_What this task involves_.
Repeat every line from the line containing "Transforma la habitación" to the end of the data, exactly. Leave the pictures out.

_Material provided_.
######

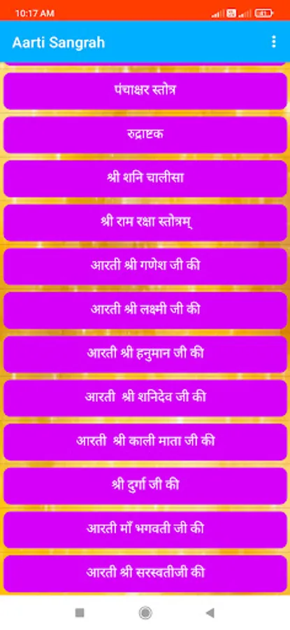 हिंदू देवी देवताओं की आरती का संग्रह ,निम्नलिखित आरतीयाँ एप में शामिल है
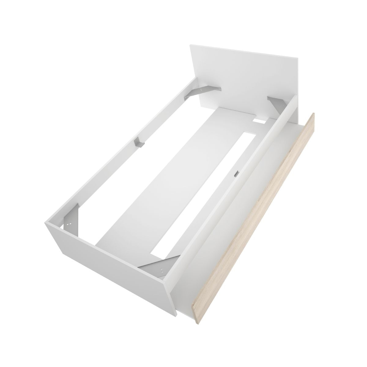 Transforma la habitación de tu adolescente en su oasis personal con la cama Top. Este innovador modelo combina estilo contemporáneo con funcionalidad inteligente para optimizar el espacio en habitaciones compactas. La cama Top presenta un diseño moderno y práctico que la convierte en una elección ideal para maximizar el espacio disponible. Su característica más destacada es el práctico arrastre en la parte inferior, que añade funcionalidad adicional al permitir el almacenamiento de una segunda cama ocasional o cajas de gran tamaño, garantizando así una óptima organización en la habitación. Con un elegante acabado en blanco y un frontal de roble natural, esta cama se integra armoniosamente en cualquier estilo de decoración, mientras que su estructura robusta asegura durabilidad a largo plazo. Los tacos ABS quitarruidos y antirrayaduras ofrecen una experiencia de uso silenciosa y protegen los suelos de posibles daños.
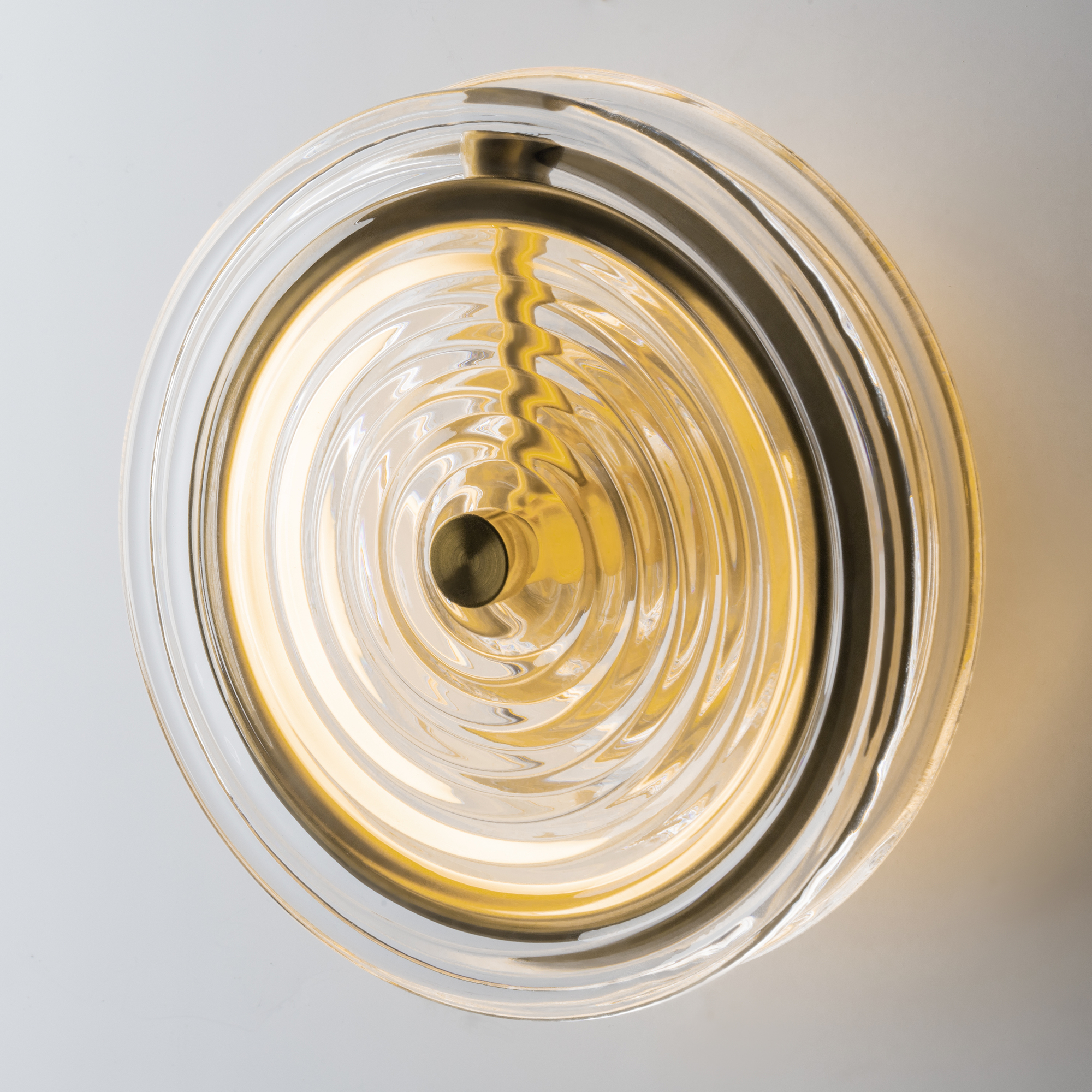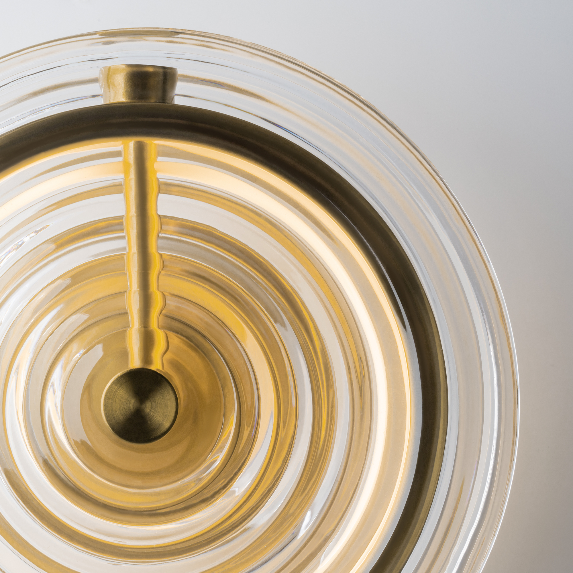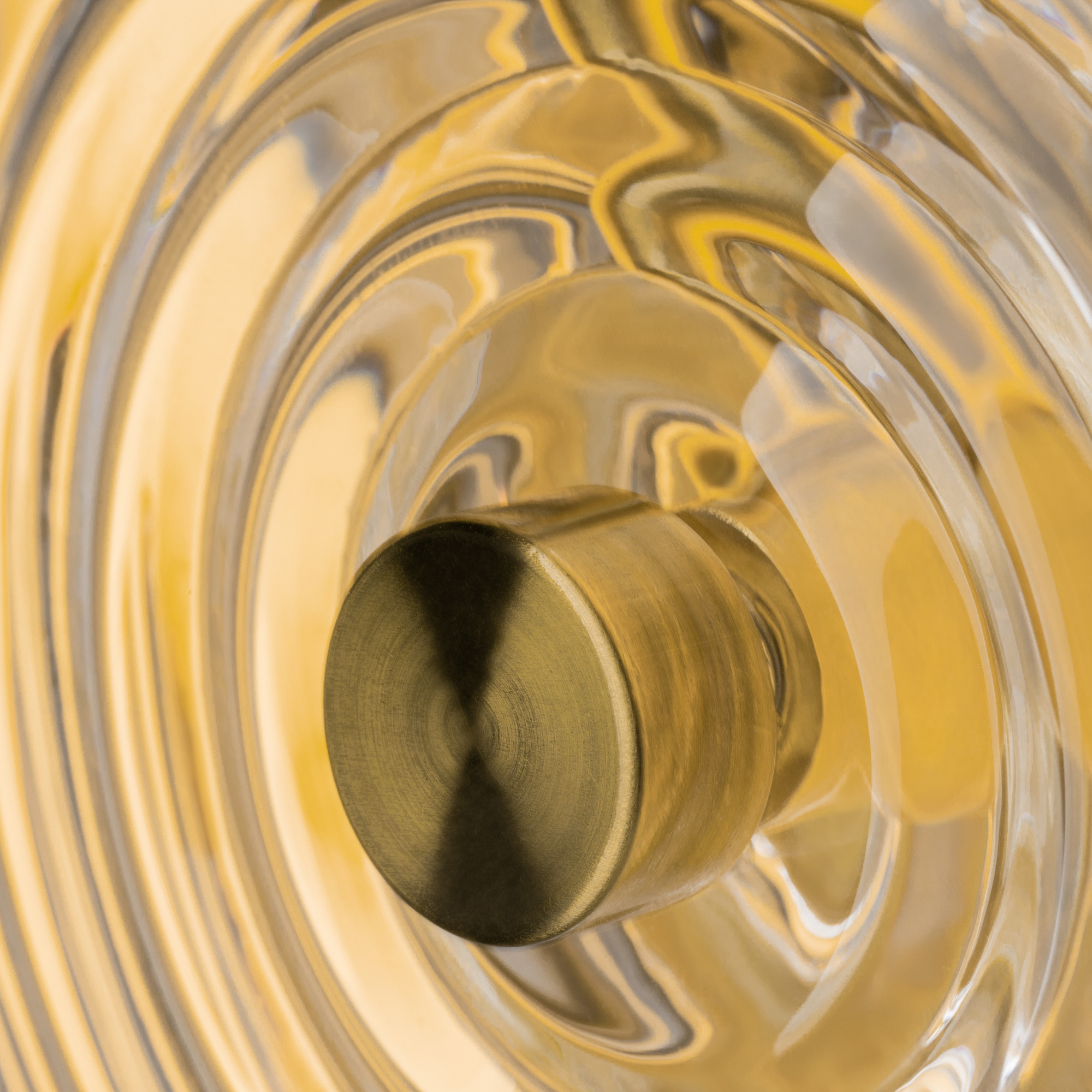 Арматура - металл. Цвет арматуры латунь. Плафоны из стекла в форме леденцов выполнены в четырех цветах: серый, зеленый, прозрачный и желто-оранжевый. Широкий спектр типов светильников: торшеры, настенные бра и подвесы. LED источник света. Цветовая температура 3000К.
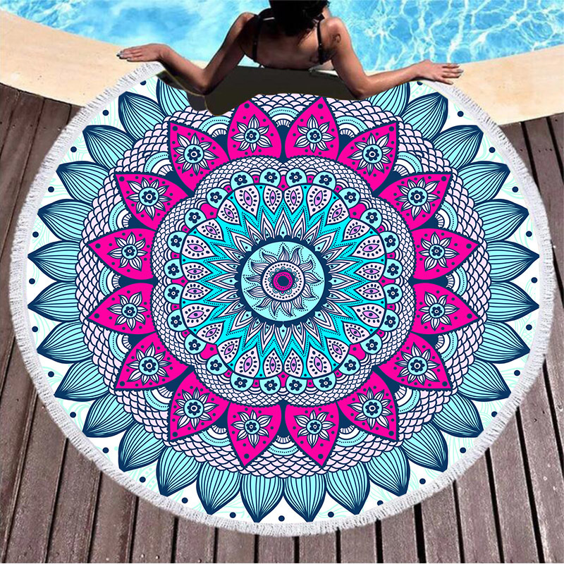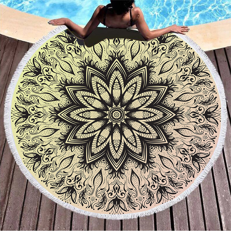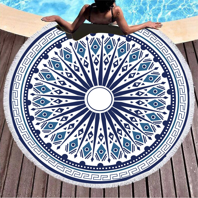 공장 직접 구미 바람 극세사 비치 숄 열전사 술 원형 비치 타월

######

_Task solution_.
 Transforma la habitación de tu adolescente en su oasis personal con la cama Top. Este innovador modelo combina estilo contemporáneo con funcionalidad inteligente para optimizar el espacio en habitaciones compactas. La cama Top presenta un diseño moderno y práctico que la convierte en una elección ideal para maximizar el espacio disponible. Su característica más destacada es el práctico arrastre en la parte inferior, que añade funcionalidad adicional al permitir el almacenamiento de una segunda cama ocasional o cajas de gran tamaño, garantizando así una óptima organización en la habitación. Con un elegante acabado en blanco y un frontal de roble natural, esta cama se integra armoniosamente en cualquier estilo de decoración, mientras que su estructura robusta asegura durabilidad a largo plazo. Los tacos ABS quitarruidos y antirrayaduras ofrecen una experiencia de uso silenciosa y protegen los suelos de posibles daños.
 Арматура - металл. Цвет арматуры латунь. Плафоны из стекла в форме леденцов выполнены в четырех цветах: серый, зеленый, прозрачный и желто-оранжевый. Широкий спектр типов светильников: торшеры, настенные бра и подвесы. LED источник света. Цветовая температура 3000К.
 공장 직접 구미 바람 극세사 비치 숄 열전사 술 원형 비치 타월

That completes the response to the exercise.